Following online discourse, my friends and I brought ourselves to our local AMC to watch Emerald Fennell’s “Wuthering Heights.” After picking out candy, grabbing popcorn and listening to Nicole Kidman promise that Brontë’s inevitable heartbreak would “feel good in a place like this,” we settled into our seats.
Unfortunately, the film didn’t live up to the sermon that preceded it — the one that insists we won’t merely be entertained but reborn. Deep down, I knew the marketing never promised transcendence, but spectacle. And yet, like so many other cinephiles, I felt compelled to go anyway.
The experience became a microcosm for what’s currently wrong with the industry; it caters towards a consumerist audience, one that prioritizes virality at the expense of originality, emotional truth, and cultural awareness — and we’re allowing it. As the credits rolled, that realization was the only heartbreak I left the theater with.
While discussing the movie on our way home, my friends and I overwhelmingly agreed that only the set design, wardrobe and cinematography were notable, certainly not the acting or the integrity of the story.
Because the movie failed to hold a candle to the themes in the novel, recycled the same popular actresses and actors and made unnecessary and irresponsible recharacterizations, the movie felt like doomscrolling. Fennel’s adaptation offered stimulation with absolutely no intellectual payoff, the same kind of empty content we scroll past to avoid thinking about the real world.
“Wuthering Heights” is not the only film that has disappointed audiences in this way. Even though films with casts that were 41–50% Black, Indigenous and people of color performed the best across several sales categories, many films have prioritized casting not just actors, but brands.

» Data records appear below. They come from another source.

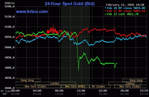 Chốt phiên giao dịch 12/2,giá vàng thế giới giao ngay giảm 162 USD xuống 4.920 USD một ounce. Đây là mức thấp nhất một tuần qua. Sang sáng 13/2,giá hiện còn 4.911 USD.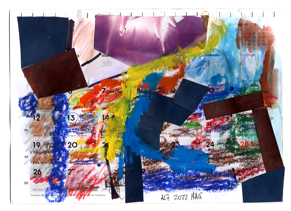 The centrality of the grid—found in calendars and urban landscapes—acts as a framework for understanding the passage of time. However, Génova’s focus is not on order but on the fluid and ever-changing nature of our temporal and spatial realities. His art acts as a visual diary, reconstructing ordinary moments that often go unnoticed. He eloquently captures this sentiment in his poetry: “Life only makes sense in the breaking and remaking.” Through his work, he reminds us that the extraordinary can be found within the mundane.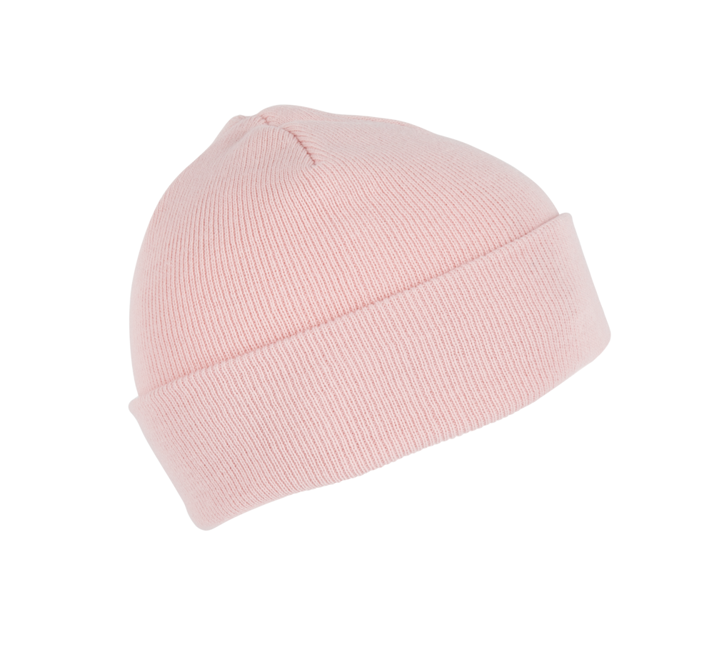Gestrickte Mütze aus 100% Acryl. Kugelform.
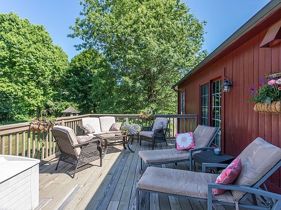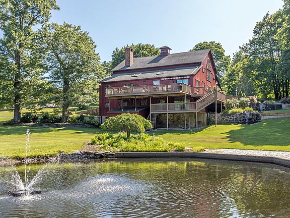This very unique Country Barn was built in 1930 and remodeled thereafter into a very special home. It is situated on 4.73 private bucolic acres in the historic district of Harwinton. The property has a spring fed pond with a fountain, stonewalls, stone gazebo, decking and a waterfall feature that greets you at the entrance. The home offers an open floor plan with original beams and barn wood flooring. The very large brick fireplace in the main living area and the fireplace in the den adds to the cozy charm on a cold winter night, and the copper wet bar is a nice addition. This home is made for entertaining with its relaxed atmosphere!A gourmet chef's kitchen offers a 6 burner gas stove, two gas ovens, a grill top and an overhead stainless steel hood venting system.The custom cabinetry and center island offers the perfect spot for sitting and relaxing while overlooking the cooks at work. The counters are black soap stone with a butcher block chopping area which make the kitchen complete. Need storage.....well you can find that with the 5 car attached garage and additional storage in the lower level with easy access. Must see to appreciate!!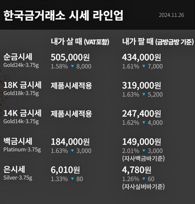 순금(24K) : 매입가 50만 5000원 / 매도가 43만 4000원

Whether this manifests through the ages, races or genders of actors casted, plot and technical accuracies are sacrificed for the sake of box office success.
Hollywood catered towards exactly this, they assumed their audience wanted to see impossibly beautiful stars, sexual shock value and escapism all packaged as cinema. When you apply the anti-intellectual “Netflix Original” formula — recognizable faces and brainless content — to classic stories like “Wuthering Heights” and other adaptations, you flatten them into something unrecognizable.
If prestigious institutions like the Oscars reward films like these then the message to young filmmakers becomes clear: don’t take risks, don’t make anything that challenges audiences, but instead cater towards what they want to see. This is how great cinema erodes — through a lowering of expectations.
In order to preserve the quality of cinema and to encourage younger generations to continue showing up to the theatre, several changes need to be made.
Actors, producers, directors and writers alike must stop endlessly circulating through the same actors to tell stories outside of their depth. They must create original content rather than recycling old stories that have already been adapted — and tastefully at that. They must understand that representation through storytelling and casting matter. And most importantly, they must understand that what stories they choose to tell shape the world far beyond the screen.